• Dataset records
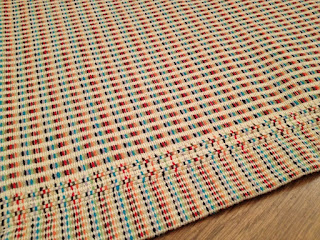 Tapetão medindo 1,38 x 1,90 também produzido com fio simples de algodão.
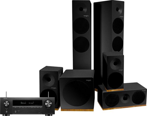 La chaîne home-cinéma Denon/Tangent comprend l'ampli home-cinéma Denon AVR-X1700H DAB ainsi que le pack d'enceintes Tangent Spectrum X6 HC 5.1 comprenant une paire d'enceintes colonne Tangent Spectrum X6, une enceinte centrale Tangent Spectrum XC, une paire d'enceintes compactes Tangent Spectrum X4, et un caisson de basses Tangent Spectrum XSW-8.
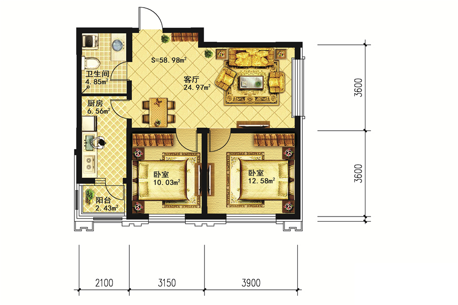 15号楼使用面积58.98平东南向-2室1厅1卫1厨建筑面积94.37平米
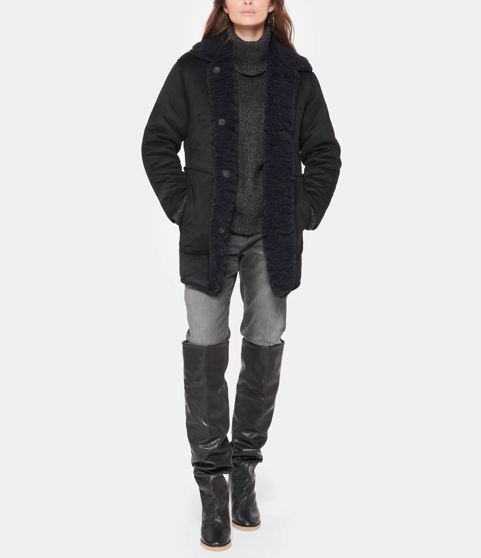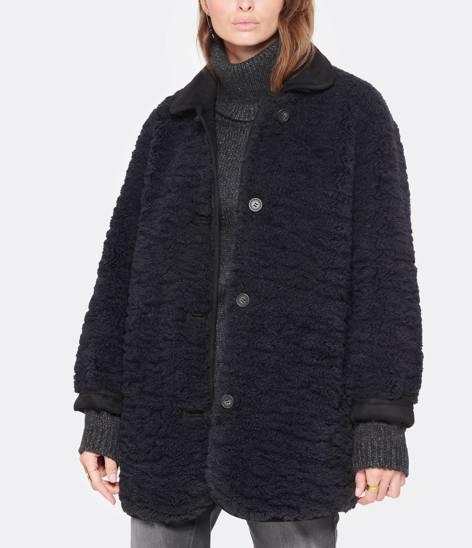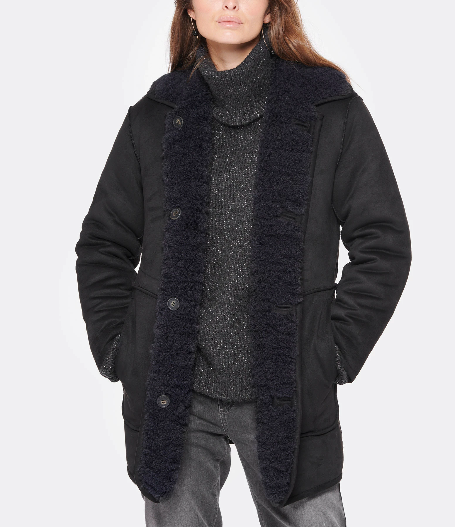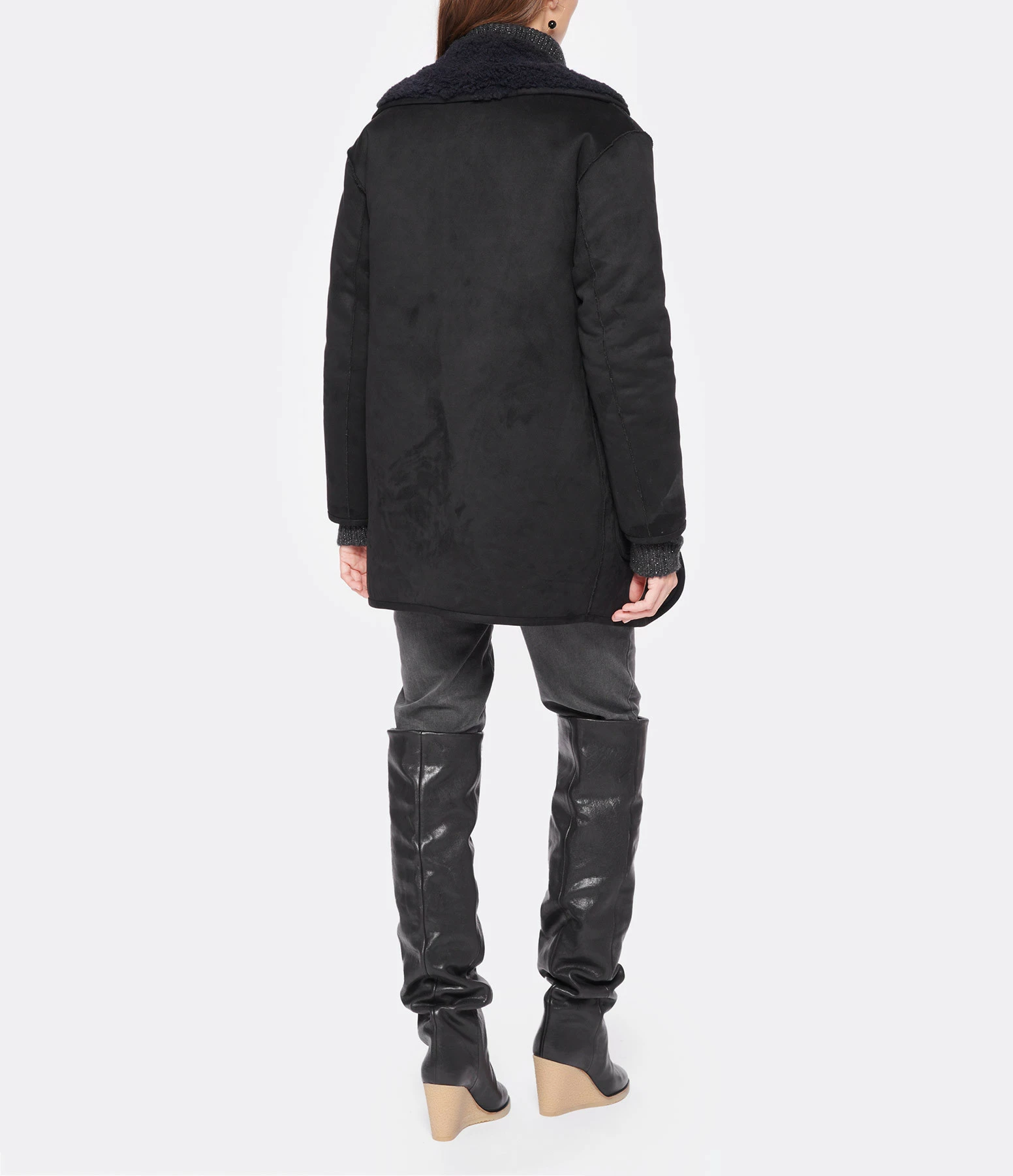 Veste courte réversible en fausse peau de mouton noir : une face fausse fourrure et une face faux cuir suédé. Col chemisier. Manches longues. Fermeture boutonnée simple sur le devant. Boutons noir effet corne. Deux poches raglan sur le devant de chaque face. Coupe ample. Base arrondie.
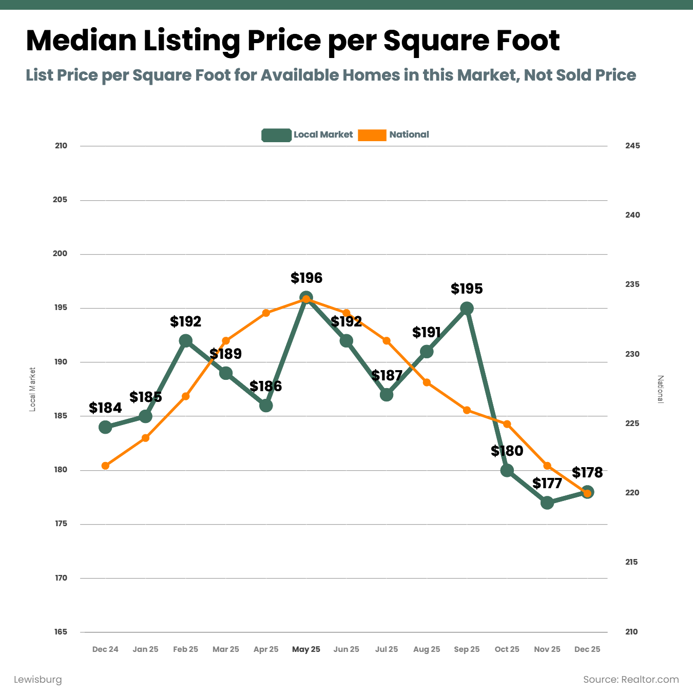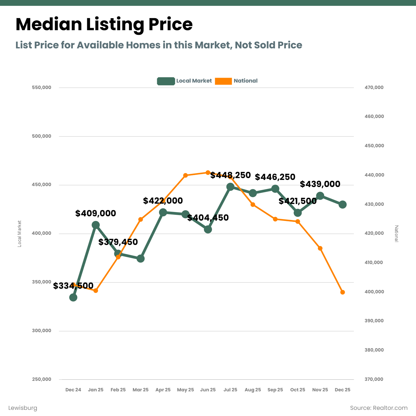 The median listing price in Lewisburg closed December around $430,000, down slightly from November. That month-to-month dip is notable, but the broader trend matters more.

• Assigned task
Pictures excluded, output exactly the line that contains "Veste courte réversible" and every line after it to the end of the data above.

• Expected output
 Veste courte réversible en fausse peau de mouton noir : une face fausse fourrure et une face faux cuir suédé. Col chemisier. Manches longues. Fermeture boutonnée simple sur le devant. Boutons noir effet corne. Deux poches raglan sur le devant de chaque face. Coupe ample. Base arrondie.
 The median listing price in Lewisburg closed December around $430,000, down slightly from November. That month-to-month dip is notable, but the broader trend matters more.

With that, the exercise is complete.